[Data entries]
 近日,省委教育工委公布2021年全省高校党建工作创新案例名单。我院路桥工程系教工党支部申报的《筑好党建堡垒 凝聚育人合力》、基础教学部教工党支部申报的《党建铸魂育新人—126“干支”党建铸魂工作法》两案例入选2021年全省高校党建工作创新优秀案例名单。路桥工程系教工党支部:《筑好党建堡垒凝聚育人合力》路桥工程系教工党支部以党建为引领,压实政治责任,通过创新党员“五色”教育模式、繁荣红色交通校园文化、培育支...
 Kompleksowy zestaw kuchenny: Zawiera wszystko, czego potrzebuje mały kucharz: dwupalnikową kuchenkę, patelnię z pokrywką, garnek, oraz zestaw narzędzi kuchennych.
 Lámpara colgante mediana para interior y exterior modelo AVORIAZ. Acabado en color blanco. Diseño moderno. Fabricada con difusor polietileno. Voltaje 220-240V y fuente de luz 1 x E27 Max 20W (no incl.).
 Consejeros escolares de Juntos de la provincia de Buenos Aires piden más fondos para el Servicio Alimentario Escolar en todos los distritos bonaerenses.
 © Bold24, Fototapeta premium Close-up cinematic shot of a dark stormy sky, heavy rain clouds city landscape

==

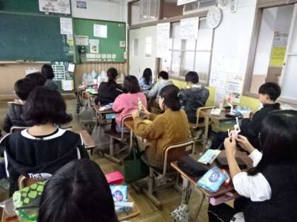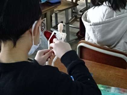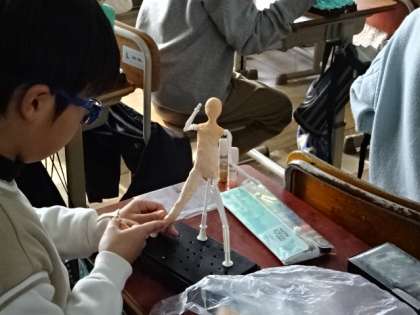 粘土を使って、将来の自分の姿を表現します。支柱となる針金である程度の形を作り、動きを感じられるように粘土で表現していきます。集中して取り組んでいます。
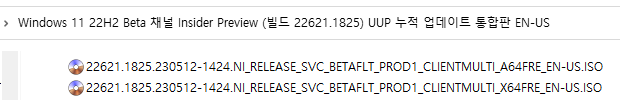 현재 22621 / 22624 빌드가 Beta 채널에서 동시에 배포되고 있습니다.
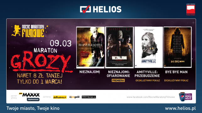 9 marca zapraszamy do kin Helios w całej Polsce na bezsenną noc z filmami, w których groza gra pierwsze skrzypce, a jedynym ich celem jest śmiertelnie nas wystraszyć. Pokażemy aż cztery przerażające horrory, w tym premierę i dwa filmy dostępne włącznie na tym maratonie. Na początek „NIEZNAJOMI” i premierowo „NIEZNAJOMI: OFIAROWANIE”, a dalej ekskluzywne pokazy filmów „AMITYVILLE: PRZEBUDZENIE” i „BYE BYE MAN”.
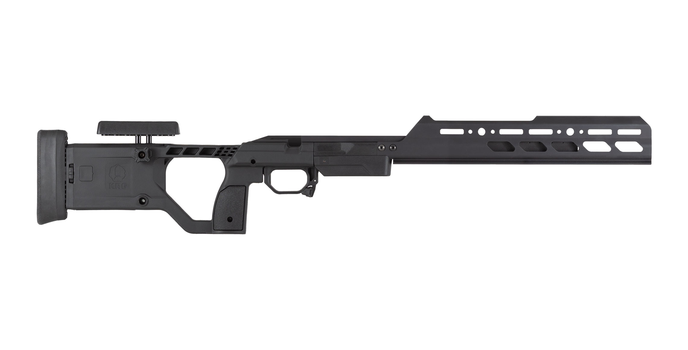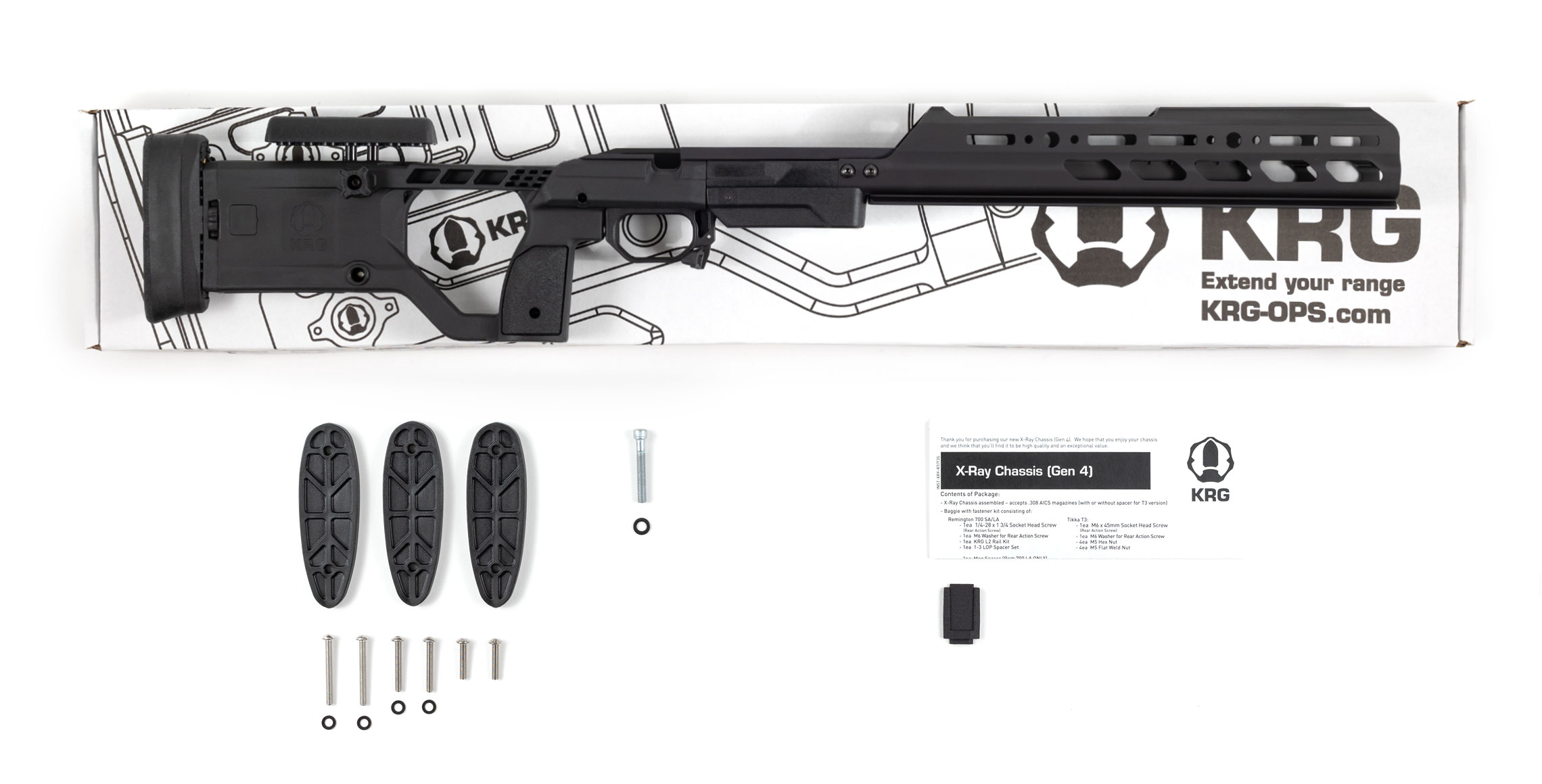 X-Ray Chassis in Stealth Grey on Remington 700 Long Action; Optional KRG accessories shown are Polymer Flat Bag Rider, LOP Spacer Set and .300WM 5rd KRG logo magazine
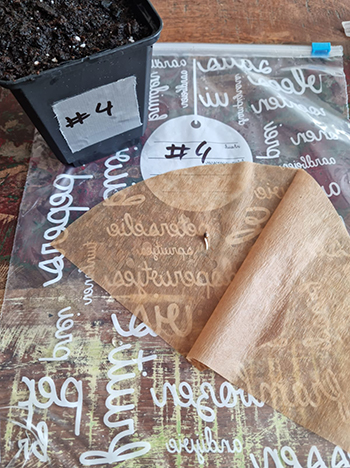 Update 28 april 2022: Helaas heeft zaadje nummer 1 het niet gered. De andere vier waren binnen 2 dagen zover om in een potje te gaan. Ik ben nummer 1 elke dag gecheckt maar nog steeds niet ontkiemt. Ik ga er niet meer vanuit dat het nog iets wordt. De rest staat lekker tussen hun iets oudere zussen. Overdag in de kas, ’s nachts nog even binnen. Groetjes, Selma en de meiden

TRY IT:
Show all lines from the records above where the word "para" occurs.

RESULT:
 Lámpara colgante mediana para interior y exterior modelo AVORIAZ. Acabado en color blanco. Diseño moderno. Fabricada con difusor polietileno. Voltaje 220-240V y fuente de luz 1 x E27 Max 20W (no incl.).
 Consejeros escolares de Juntos de la provincia de Buenos Aires piden más fondos para el Servicio Alimentario Escolar en todos los distritos bonaerenses.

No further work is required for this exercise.